One of the things that hurt the most being a mother..

This topic might be different to you and your situation. I don’t have my side of the family around, i have my Mother in-law and she is all we have out of all the family we got, Don’t get me wrong she does a wonderful job but it still hurts that we don’t have anyone else.

My first son was born, Travis Luke Gowans 16th of October 2014, he had a few problems – Clicky hips, hole in his heart (was a heart murmur but thats exactly how she explained it) and he had this “hormone rash”.  After his check up i cried and cried once my husband and his brother left.
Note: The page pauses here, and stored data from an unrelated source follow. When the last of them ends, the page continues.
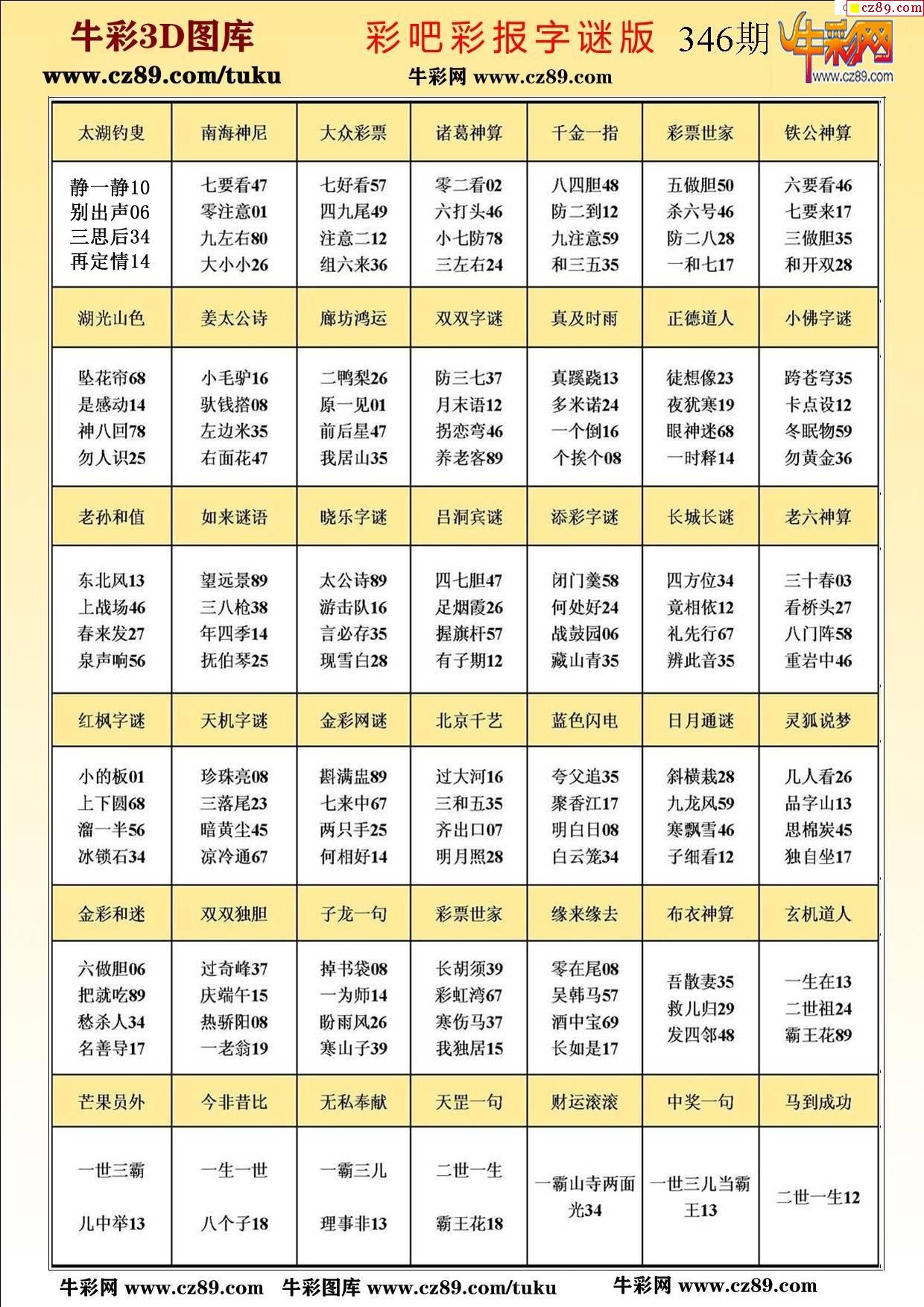 牛彩版3D字谜彩报图25年346期打印版
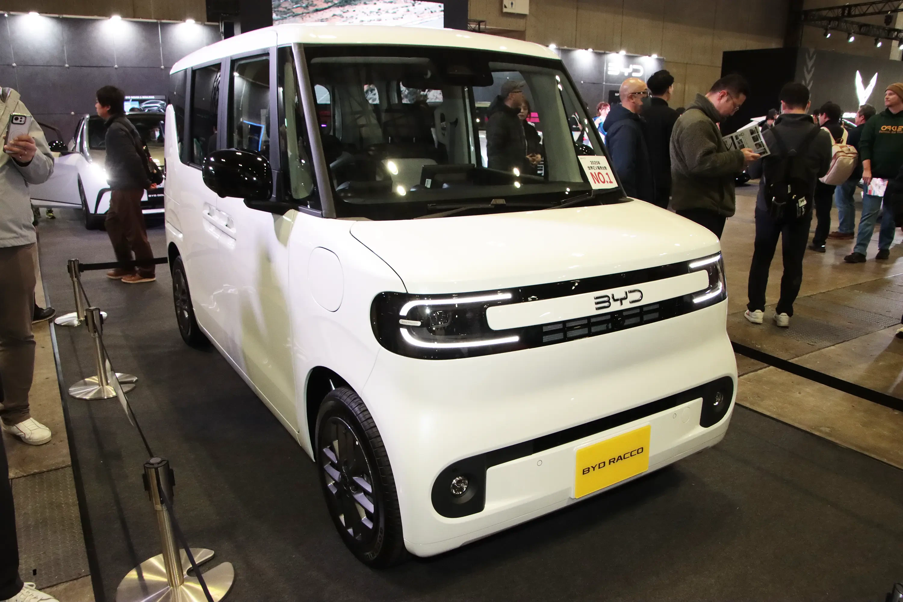 2026年夏発売予定の全電動超背高軽ワゴン「ラッコ」のプロトタイプを、ジャパンモビリティショー2025に続き展示。プレスカンファレンスでは、同年上半期に「ドルフィン」と「アット3」のマイナーチェンジモデル、同年後半に小型SUV「アット2」とステーションワゴン「シール6」を日本へ導入する計画を明らかにした。
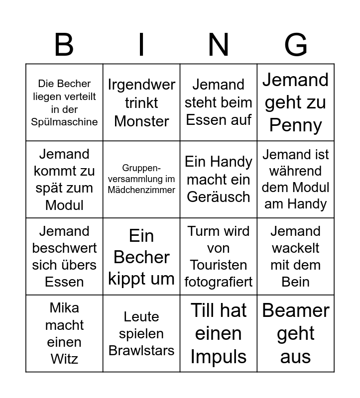 This bingo card has 16 words: Leute spielen Brawlstars, Jemand wackelt mit dem Bein, Jemand steht beim Essen auf, Die Becher liegen verteilt in der Spülmaschine, Jemand beschwert sich übers Essen, Irgendwer trinkt Monster, Turm wird von Touristen fotografiert, Till hat einen Impuls, Jemand kommt zu spät zum Modul, Gruppen-versammlung im Mädchenzimmer, Mika macht einen Witz, Jemand geht zu Penny, Ein Becher kippt um, Jemand ist während dem Modul am Handy, Ein Handy macht ein Geräusch and Beamer geht aus.
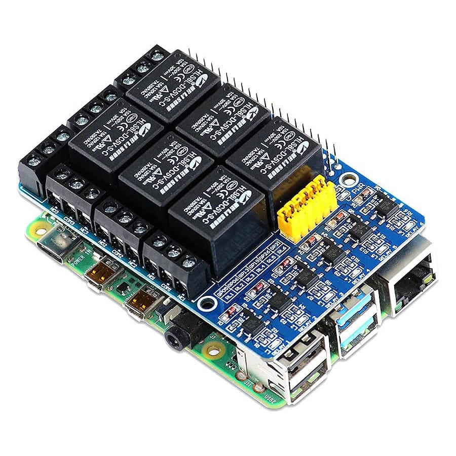 The PiRelay 6 is a relay HAT for the Raspberry Pi that can control up to 6 devices with photo-coupling isolation on a load of 250V AC/7 A, 30V DC/10 A, and a trigger voltage of 3.3V. It comprises an Optocoupler that allows the circuit to transmit an electrical signal between two isolated circuits through light energy.

I was a first time mother with no one by my side, no mother or sister. I had a traumatic cesarean my spinal wore off during surgery, the baby blues which turned into Postpartum Depression.  A week later we got his rash checked out because the community nurse said to, so we did. First doctor was in Cranebook and it was a female doctor, she had told us this ” to put a HOT washer on the puss dules and they will pop” I didn’t think that sounded right as he was a newborn and you obviously DO NOT put anything HOT on a baby or child or even adult! Anywho we booked another appointment for Dr Fa, he done swabs on the puss pimples.
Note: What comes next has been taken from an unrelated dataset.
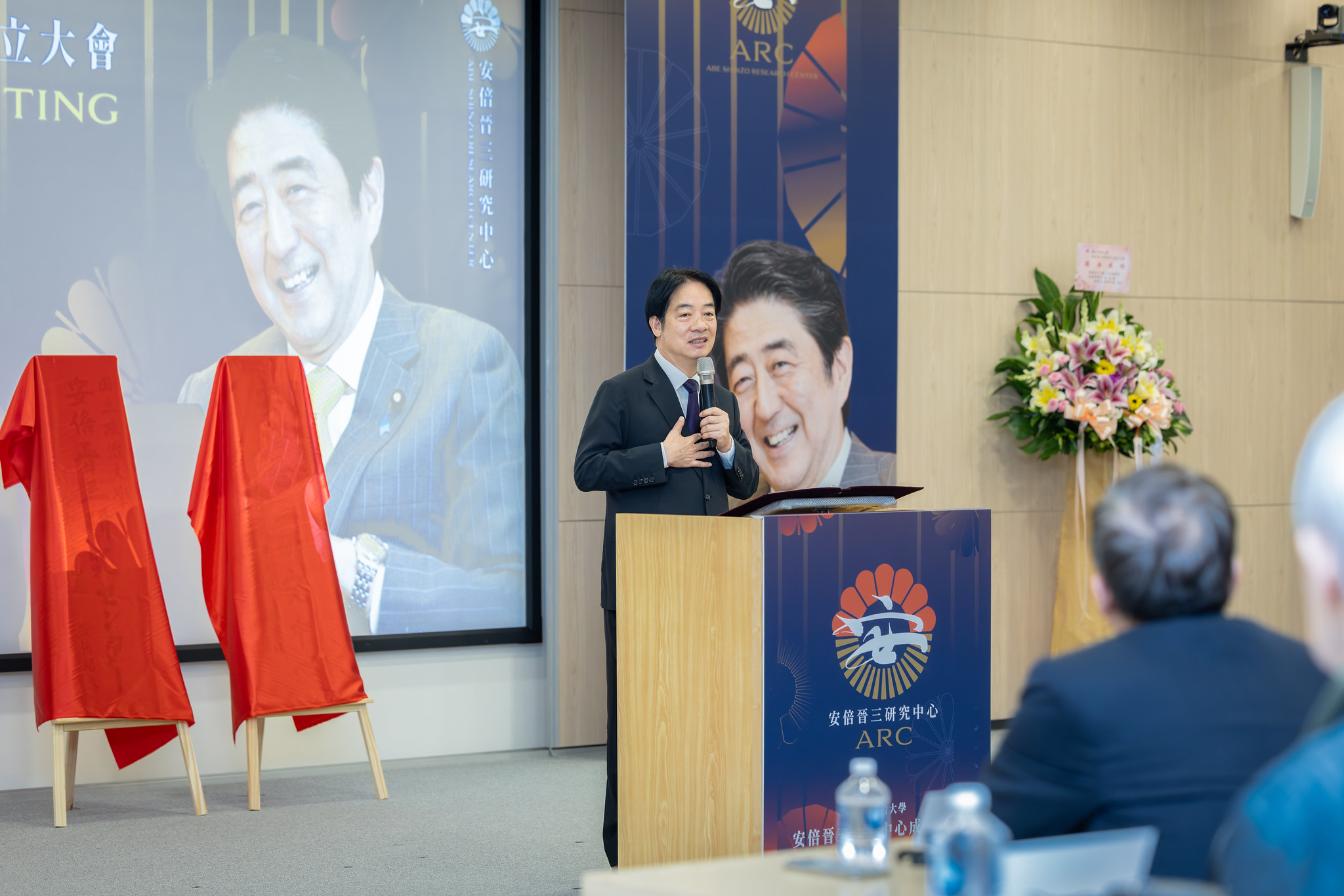活動最後,賴總統與安倍昭惠夫人一同為研究中心揭牌,包括國安會秘書長吳釗燮、教育部長鄭英耀及多位日本國會議員、日本台灣交流協會代表等皆出席盛會。

1 Day later, i get a phone call from him which i knew couldn’t be good. I was breastfeeding Travis on the lounge my husband was out grabbing a few things. He said   “Hi Rhian, i got your results for Travis Gowans and you need to bring him in asap i need to give you a letter and you need to go straight to emergency!” I responded then hung up bawling my eyes out to then ring my husband which he wasn’t answering but just got through the door. We rushed out i was on a HEAP of pain from my cesarean, and we got to the doctors got the note then went to emergency.
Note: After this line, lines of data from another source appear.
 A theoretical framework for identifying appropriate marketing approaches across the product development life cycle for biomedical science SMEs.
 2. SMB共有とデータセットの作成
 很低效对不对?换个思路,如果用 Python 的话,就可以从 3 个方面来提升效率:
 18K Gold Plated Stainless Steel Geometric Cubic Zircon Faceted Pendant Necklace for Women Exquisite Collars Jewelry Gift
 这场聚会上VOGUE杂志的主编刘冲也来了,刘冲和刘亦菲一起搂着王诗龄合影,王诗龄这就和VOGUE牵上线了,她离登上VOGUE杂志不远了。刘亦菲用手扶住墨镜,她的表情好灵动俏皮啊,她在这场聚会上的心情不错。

Waiting in the waiting room for no longer then 15mins, we go straight through to where a older lady was on drugs strapped to a wheelchair and yelling her number and bank details and telling everyone she was taken from her will also trying to throw her blood around from her canular. The public system is what it is i guess.. anywho the doctors came and went after we got a temporary bed in short stay. I was trying to do my first bowel movement also had real bad back pain from the spinal block. I couldn’t push but i was constipated, after birth blood along with it. I was a crying mess! We had Diane (MIL) there with us, a nurse seen me hunched over and holding me back walking slow out and she said to me.. “oh hunny, are you ok!?? do you need any pain killers?! you need to go home and rest, you just had a major surgery” I said ” No thats ok i’ve taken some” “she responded with “ok thats good, we have to take care of mum to,  So Travis will be staying in the Children’s Ward upstairs” i then asked “can we both stay up there as i’m breastfeeding” (me and pete) She said “I’m sorry we can’t it has to be you or your hubby but you should really go home and rest”  I instantly cried and she hugged me and said i will see what i can do.. (he couldn’t stay)I chose to stay to give him the breastmilk to help get him better, just doing what i thought was best. I cried and cried.. all night and day for 5 days. It turned out he had Staph on the skin and the thought it got into his blood stream. He was in contamination so he had his own room but we were allowed visitors.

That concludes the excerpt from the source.